* Task requirements
Write the listing below out again word for word, without a single picture.

* Information supplied
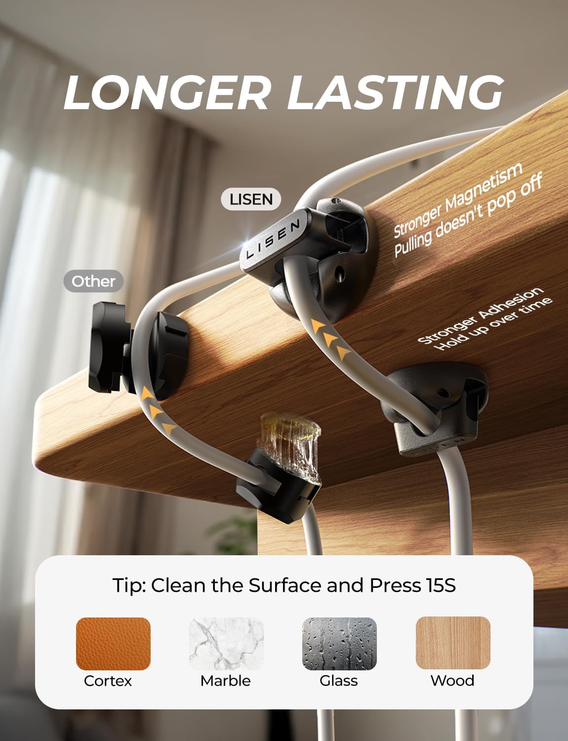 - No-Residue, High-Strength Adhesive: LISEN cord organizer for desk uses premium acrylic adhesive, stronger than 3M tape and leaves no residue. With 4 extra adhesive pads, magnetic clips has strong adhesion and flexible installation. Wire organizers for cords can firmly stick to smooth and dry surfaces like wood, glass and ceramic tiles. The transparent pads won't damage furniture, suitable for home and office. Easily manage and tidy up cords, improving space neatness and functionality
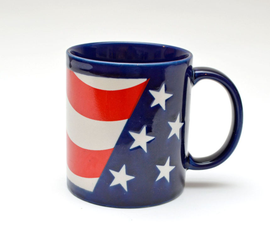 Sip pride from Now American Gift’s Star-Spangled Mug, everyday American gift express favorite. 15oz ceramic mug wraps 360° in stars and stripes glaze, microwave/dishwasher safe.
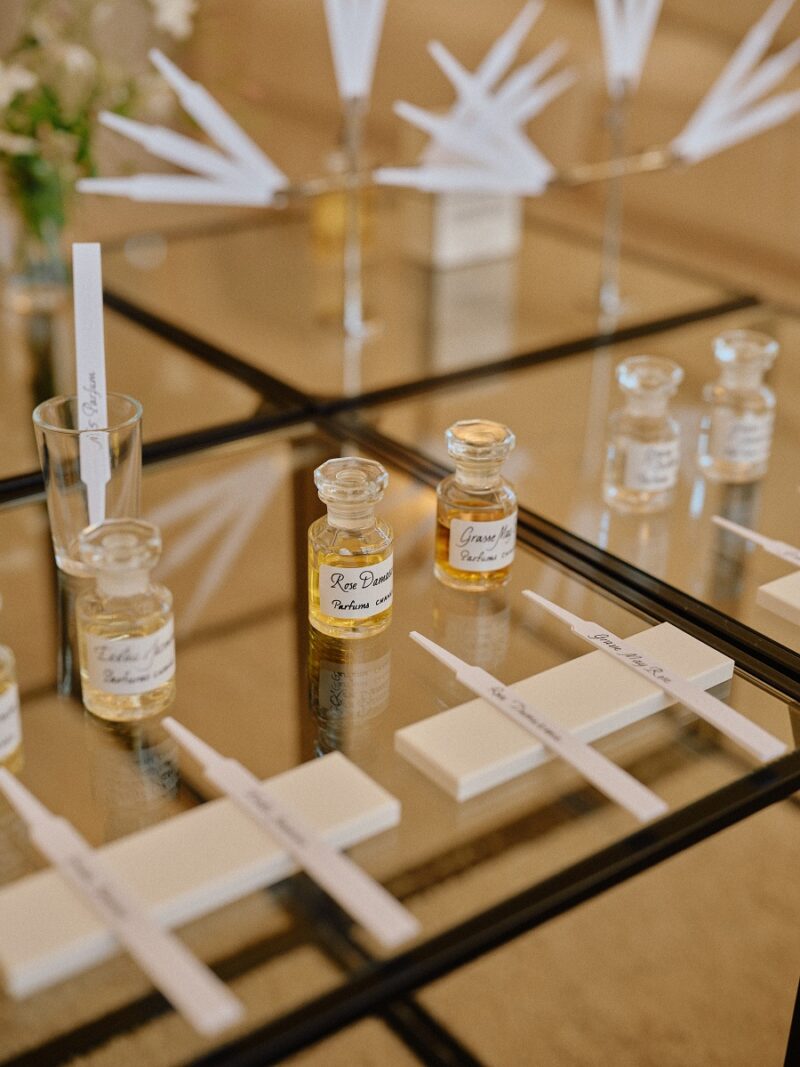 ジャスミン畑を後にした二人は、シャネル専属調香師オリヴィエ・ポルジュとの特別なセッションへ。複数のジャスミンの香りを試しながら、香りが唯一無二のフレグランスへと昇華していく過程を体感。

* Solution to the problem
 - No-Residue, High-Strength Adhesive: LISEN cord organizer for desk uses premium acrylic adhesive, stronger than 3M tape and leaves no residue. With 4 extra adhesive pads, magnetic clips has strong adhesion and flexible installation. Wire organizers for cords can firmly stick to smooth and dry surfaces like wood, glass and ceramic tiles. The transparent pads won't damage furniture, suitable for home and office. Easily manage and tidy up cords, improving space neatness and functionality
 Sip pride from Now American Gift’s Star-Spangled Mug, everyday American gift express favorite. 15oz ceramic mug wraps 360° in stars and stripes glaze, microwave/dishwasher safe.
 ジャスミン畑を後にした二人は、シャネル専属調香師オリヴィエ・ポルジュとの特別なセッションへ。複数のジャスミンの香りを試しながら、香りが唯一無二のフレグランスへと昇華していく過程を体感。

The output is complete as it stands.